The case then went into the court’s administrative stage known as Allocation. Each side is required to put together a suggested timetable to take the case to trial and a budget for doing so. The parties exchange these documents. It was then that we learned that Anthony had been funded and probably still was being funded by West End firm.
This was a blow. Our efforts to settle the case had probably not succeeded because Anthony had thought he didn’t need to compromise with all the help he was getting.
The case was becoming complex. Anthony wanted to keep the case to a minimum of documents so that he could claim he had little to do with the company and did not owe any fiduciary duties. We wanted the history of his dealings with Clear Co set out in full, so that it would be obvious that he owed fiduciary and contractual duties to the company and that he had breached them.
We also had to prove the interference with the Clear Co website we knew had been going on.
The Tide Turns
At a Case Management Conference at the court, we argued for and eventually got the other side to agree that disclosure of documents had to be done fully. This also increased the costs, which the West End firm, who we think were still providing support for Anthony, probably didn’t like.
We also argued for and got permission to provide further expert evidence on Anthony’s hacking of the Clear Co’s website.
We went back to our expert and using analytical software were able to show beyond doubt that in the early exchanges of the dispute Anthony had been manipulating the Clear Co website. This had been done at the same time as he had been competing with the company and getting the West End firm to write letters falsely saying that we were the one undermining the company.
Mediation and settlement.
The courts are very keen on the parties in court actions using mediation to settle cases. To not go to mediation means you run the risk of facing severe costs sanctions, even if you win your case.

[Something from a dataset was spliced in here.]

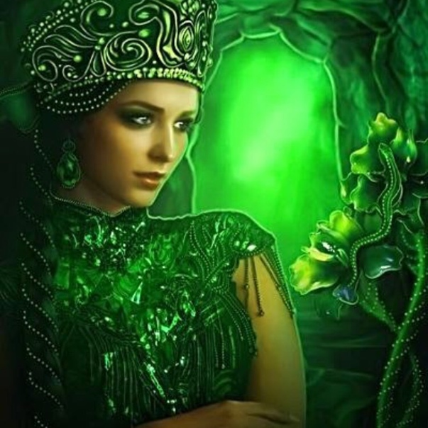 На Урале Хозяйку Медной горы называли по-разному, порой упоминая её как Золотую бабу, Каменную девку или Малахитницу. Она является истинной царицей гор, где скрыты несметные сокровища. Властная и грозная, она может поступить жестоко по отношению к человеку, а может и милостиво одарить его благами. Несмотря на суровый нрав, она справедлива и честна. Однако в своих пересказах местных преданий Бажов достаточно сдержанно отзывается о милости Хозяйки Медной горы. Писатель отмечает, что злому человеку встреча с ней сулит гибель, однако и доброму лучше избегать властительницы гор. Однако демонизировать её образ не стоит. Родной стихией Хозяйки Медной горы является земля, где она обитает. Часто она превращается в зелёную ящерицу, что позволяет ей наблюдать за людьми, слушать их беседы. Если потребуется, может она и послание передать человеку, и лично обратиться к нему. в такие моменты путник, словно окаменевший, замирает, видя. как на его глазах простая ящерка превращается в красавицу, правите

We were satisfied with the preparation of our case and suggested mediation to Anthony and his solicitors.
Prior to mediation we set out our case in full and disclosed our expert evidence that showed that Anthony had been hacking the Clear Co website and acting dishonestly in the conduct of the litigation.
At the mediation we were able to speak to Anthony directly and set out what we knew. We were also able to speak to the West End firm and reinforce the point already made, that they potentially bore a liability for the costs of this action for having supported Anthony.

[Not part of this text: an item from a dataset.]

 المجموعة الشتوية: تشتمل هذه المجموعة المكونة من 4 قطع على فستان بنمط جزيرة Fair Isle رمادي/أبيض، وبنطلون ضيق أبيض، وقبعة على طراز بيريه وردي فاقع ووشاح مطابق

We got a settlement that exceeded what we had agreed with Tom would have been acceptable beforehand.
- Anthony to pay damages to Clear Co for loss of business.
- Anthony to return his 30% shareholding in Clear Co to Tom for £1,
- Restrictions on Opaque being able to trade in competition with Clear Co.

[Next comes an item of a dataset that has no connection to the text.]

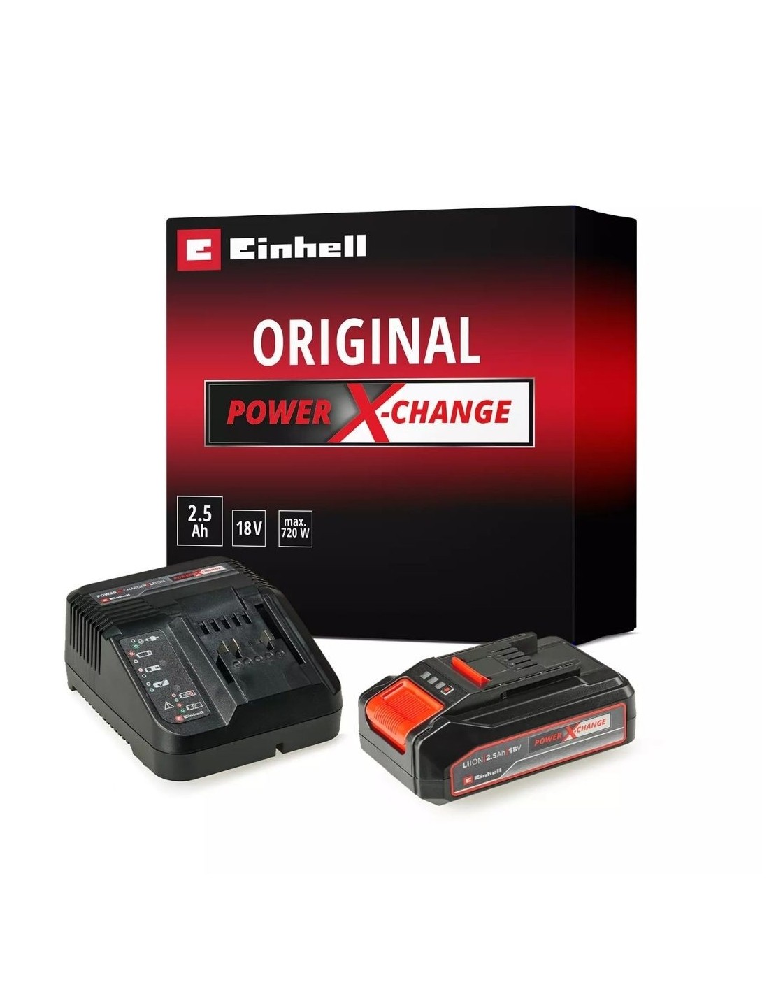 Kit Einhell Power X-Change con cargador rápido y batería 18V 2.5Ah universal y duradera.

- All domain names and control of the Clear Co website to go back to Clear Co.
Would Tom have liked to put Anthony and Opaque out of business? Of course, but he would only really have been able to achieve that if he had gone for an interim injunction at the start of the dispute. Was he happy with the settlement though? He was delighted.
The Final Hurdle
At the end of the mediation, which lasted 11 hours, we had the outline of an agreement.
In the six weeks after the mediation, the experienced and capable litigators of the West End firm, tried everything to water down the agreement and limit its impact on Anthony and value to Tom.
Our experience and expertise enabled us to foil every attempt. At the point when we thought we just couldn’t do business with these people and we would have to go back to court, they agreed to what had been first set out in the mediation.
It was the last working day before Christmas, it had taken three years to settle and we had won. Tom was on holiday, so we told him the good news. We went to the pub to celebrate.
Why did we win?
- We relied on analysis of the issues rather than intimidation.
- We did not give in to the intimidation used against us.
- We supported Tom through what might have been one of the toughest things he has ever had to go through.
- Our knowledge and experience helped us get what Tom wanted.